● **WHAT YOU NEED TO DO**
Images are to be excluded from the copy, and the records below reproduced word for word.

● **Stored items**
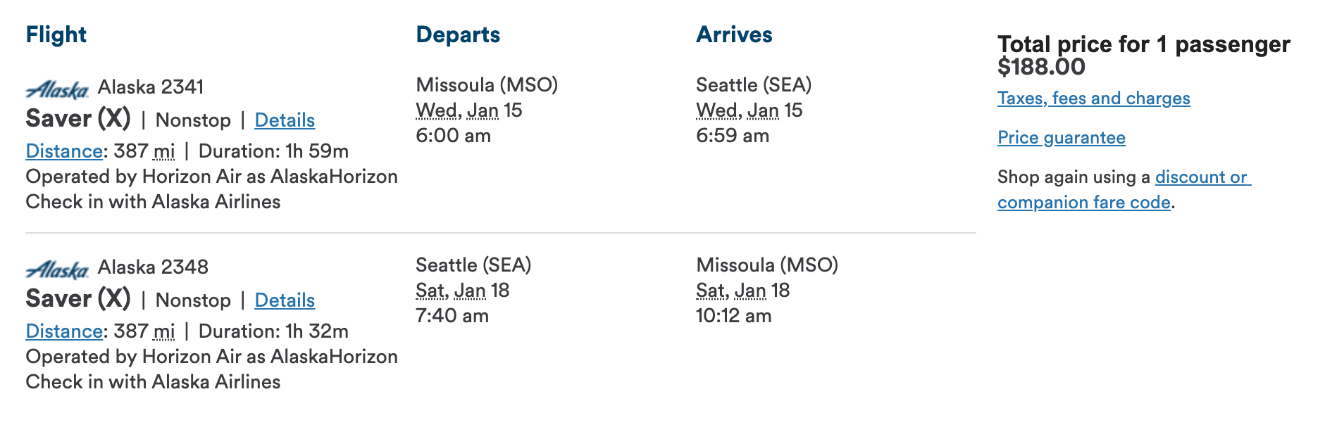 Missoula (MSO) to Seattle (SEA) for $188 round-trip nonstop:
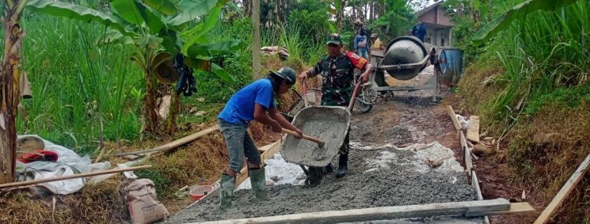 Babinsa Koramil Bareng Bantu Warga Bangun Jalan Rabat Beton Penghubung Dusun
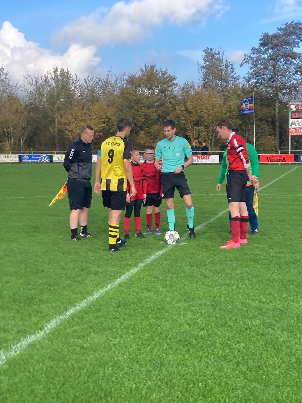 Dan de echte graadmeter thuis tegen koploper Gomos, die na 5 wedstrijden de volle winst wist te pakken en fier aan kop ging met 15 punten uit 5 wedstrijden. Akkrum speelde volwassen en liet zich niet gek maken door in de val van Gomos te lopen. Door goed positiespel, de ruimtes prima te benutten en daardoor ook kansen te creëren, werd brutaal een 1-0 voorsprong genomen na een prachtige (ingestudeerde) aanval. Gomos was weliswaar met name in messcherpe counters gevaarlijk, maar Akkrum wist de voorsprong te behouden. Toen vlak voor tijd de bevrijdende 2-0 viel was de strijd gestreden en ontnam het Gomos de ongeslagen status.
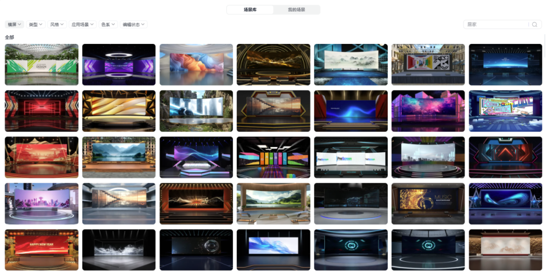 场景空间感:提供 500+专业级3D场景,从科技感演播厅到沉浸式教室,3D光影效果;
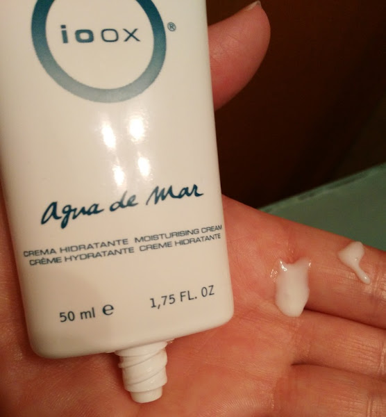 -AGUA DE MAR IOOX, CREMA HIDRATANTE: Uno de los productos que me enviaron fue esta crema hidratante facial en cuya fórmula podemos encontrar Agua de Mar. Este inusual ingrediente nos aporta las sales minerales que necesitamos para estimular y fortalecer la barrera cutánea de la piel, aumentando así su flexibilidad y elasticidad. Entre sus ingredientes también encontramos el Alga Wakame, la cual reactiva los genes que contribuyen a la síntesis de la elastina, el colágeno y el ácido hialurónico. Contiene 50 ml y a continuación podéis ver su composición.
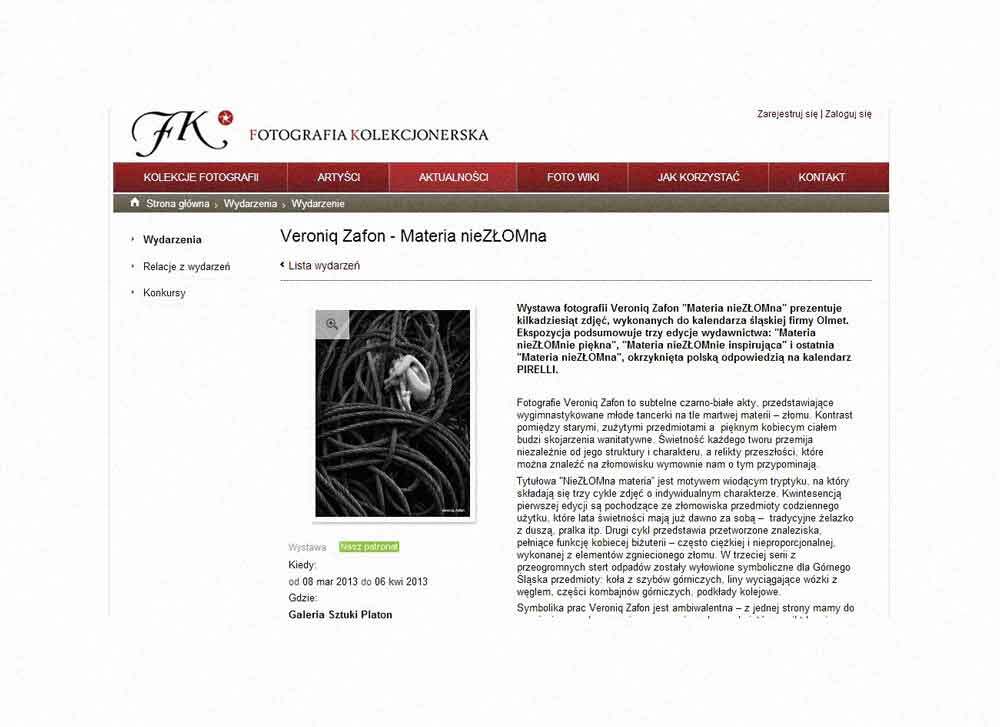 edycje wydawnictwa: Materia nieZŁOMnie piękna, Materia nieZŁOMnie inspirująca i ostatnia Materia nieZŁOMna, okrzyknięta polską odpowiedzią na kalendarz PIRELLI. Fotografie Veroniq Zafon to subtelne czarno-białe akty, przedstawiające wygimnastykowane młode tancerki
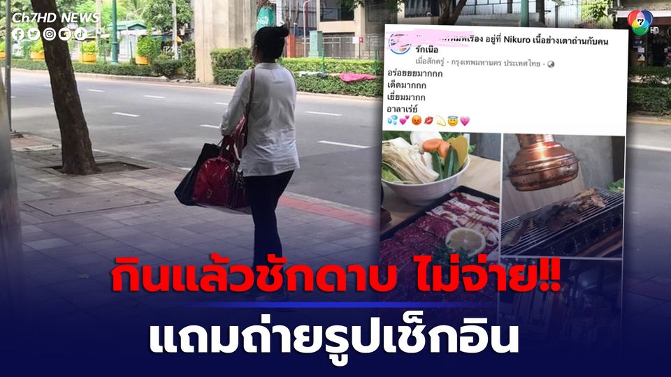 วันนี้ (27 ก.ค. 66) เพจเฟซบุ๊ก Nikuro เนื้อย่างเตาถ่านกับคนรักเนื้อ ได้โพสต์ภาพของหญิงสาวรายหนึ่ง ที่เข้ามากินอาหารที่ร้านจนอิ่ม แต่เมื่อกินเสร็จแล้วกลับชักดาบไม่จ่ายค่าอาหาร และเดินออกจากร้านหน้าตาเฉย
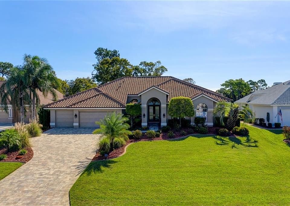 Truly spectacular executive pool home on the golf course. 4 bedrooms+den/3.5 baths/3 car garage. This 1993 Arthur Rutenberg Bimini IV has been extensively renovated from the new tile roof, paver drive/walk/patio/lanai area, new pool cage, new Pella double entry doors, new hardwood floors in living/dining/den/master bedroom, 20 inch porcelain tile, stunning new gourmet kitchen with Thermador appliances, huge granite island, cherry cabinets, butler's pantry, new master bath with custom vanity, shower, cherry cabinets, quartz counters, new stone fireplace in family room, all new window treatments with remote control blinds, new storage room in attic with heat and A/C, exterior and interior newly painted. This is an immaculate, move in ready home. 3459 living sq. ft., 4537 total sq. ft.
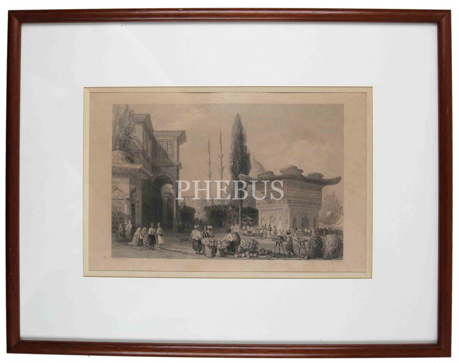 Constantinople Tophane Çeşmesi gravür, W. H. Bartlett & J. Cousen, 36x28 cm
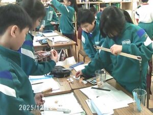 算数科では、自作てんびんを使い、重さを比べる活動を行いました。
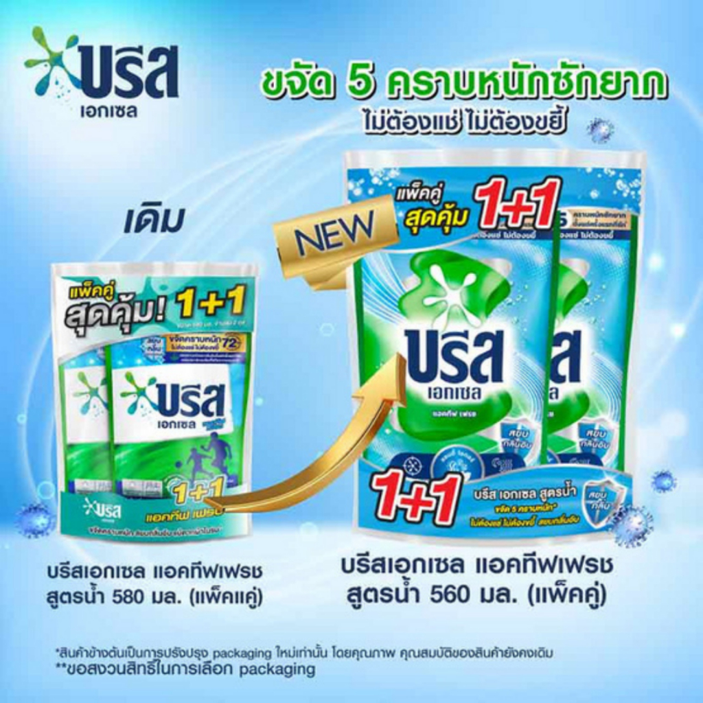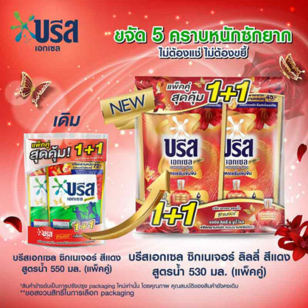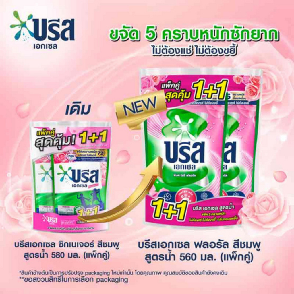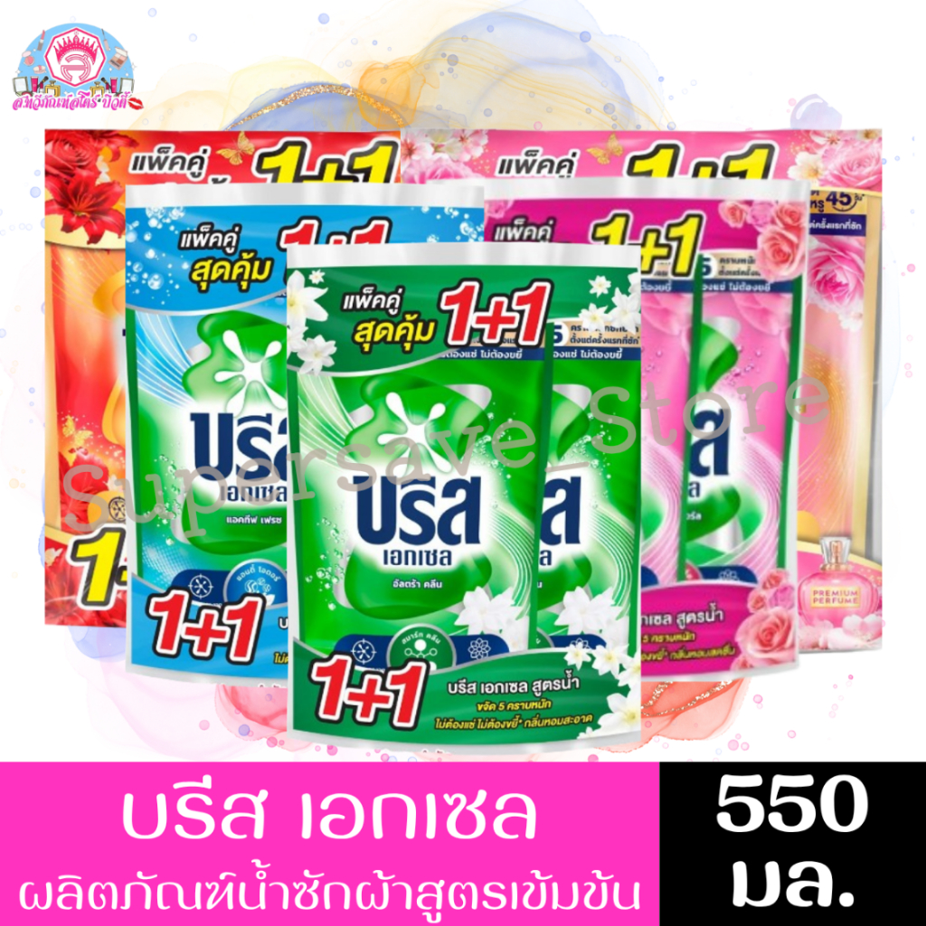 บรีส เอกเซล แพ็คสุดคุ้ม1+1 น้ำยาซักผ้า ขนาด 550มล.*//*แพ็ค*//*

● **SOLVED EXERCISE**
 Missoula (MSO) to Seattle (SEA) for $188 round-trip nonstop:
 Babinsa Koramil Bareng Bantu Warga Bangun Jalan Rabat Beton Penghubung Dusun
 Dan de echte graadmeter thuis tegen koploper Gomos, die na 5 wedstrijden de volle winst wist te pakken en fier aan kop ging met 15 punten uit 5 wedstrijden. Akkrum speelde volwassen en liet zich niet gek maken door in de val van Gomos te lopen. Door goed positiespel, de ruimtes prima te benutten en daardoor ook kansen te creëren, werd brutaal een 1-0 voorsprong genomen na een prachtige (ingestudeerde) aanval. Gomos was weliswaar met name in messcherpe counters gevaarlijk, maar Akkrum wist de voorsprong te behouden. Toen vlak voor tijd de bevrijdende 2-0 viel was de strijd gestreden en ontnam het Gomos de ongeslagen status.
 场景空间感:提供 500+专业级3D场景,从科技感演播厅到沉浸式教室,3D光影效果;
 -AGUA DE MAR IOOX, CREMA HIDRATANTE: Uno de los productos que me enviaron fue esta crema hidratante facial en cuya fórmula podemos encontrar Agua de Mar. Este inusual ingrediente nos aporta las sales minerales que necesitamos para estimular y fortalecer la barrera cutánea de la piel, aumentando así su flexibilidad y elasticidad. Entre sus ingredientes también encontramos el Alga Wakame, la cual reactiva los genes que contribuyen a la síntesis de la elastina, el colágeno y el ácido hialurónico. Contiene 50 ml y a continuación podéis ver su composición.
 edycje wydawnictwa: Materia nieZŁOMnie piękna, Materia nieZŁOMnie inspirująca i ostatnia Materia nieZŁOMna, okrzyknięta polską odpowiedzią na kalendarz PIRELLI. Fotografie Veroniq Zafon to subtelne czarno-białe akty, przedstawiające wygimnastykowane młode tancerki
 วันนี้ (27 ก.ค. 66) เพจเฟซบุ๊ก Nikuro เนื้อย่างเตาถ่านกับคนรักเนื้อ ได้โพสต์ภาพของหญิงสาวรายหนึ่ง ที่เข้ามากินอาหารที่ร้านจนอิ่ม แต่เมื่อกินเสร็จแล้วกลับชักดาบไม่จ่ายค่าอาหาร และเดินออกจากร้านหน้าตาเฉย
 Truly spectacular executive pool home on the golf course. 4 bedrooms+den/3.5 baths/3 car garage. This 1993 Arthur Rutenberg Bimini IV has been extensively renovated from the new tile roof, paver drive/walk/patio/lanai area, new pool cage, new Pella double entry doors, new hardwood floors in living/dining/den/master bedroom, 20 inch porcelain tile, stunning new gourmet kitchen with Thermador appliances, huge granite island, cherry cabinets, butler's pantry, new master bath with custom vanity, shower, cherry cabinets, quartz counters, new stone fireplace in family room, all new window treatments with remote control blinds, new storage room in attic with heat and A/C, exterior and interior newly painted. This is an immaculate, move in ready home. 3459 living sq. ft., 4537 total sq. ft.
 Constantinople Tophane Çeşmesi gravür, W. H. Bartlett & J. Cousen, 36x28 cm
 算数科では、自作てんびんを使い、重さを比べる活動を行いました。
 บรีส เอกเซล แพ็คสุดคุ้ม1+1 น้ำยาซักผ้า ขนาด 550มล.*//*แพ็ค*//*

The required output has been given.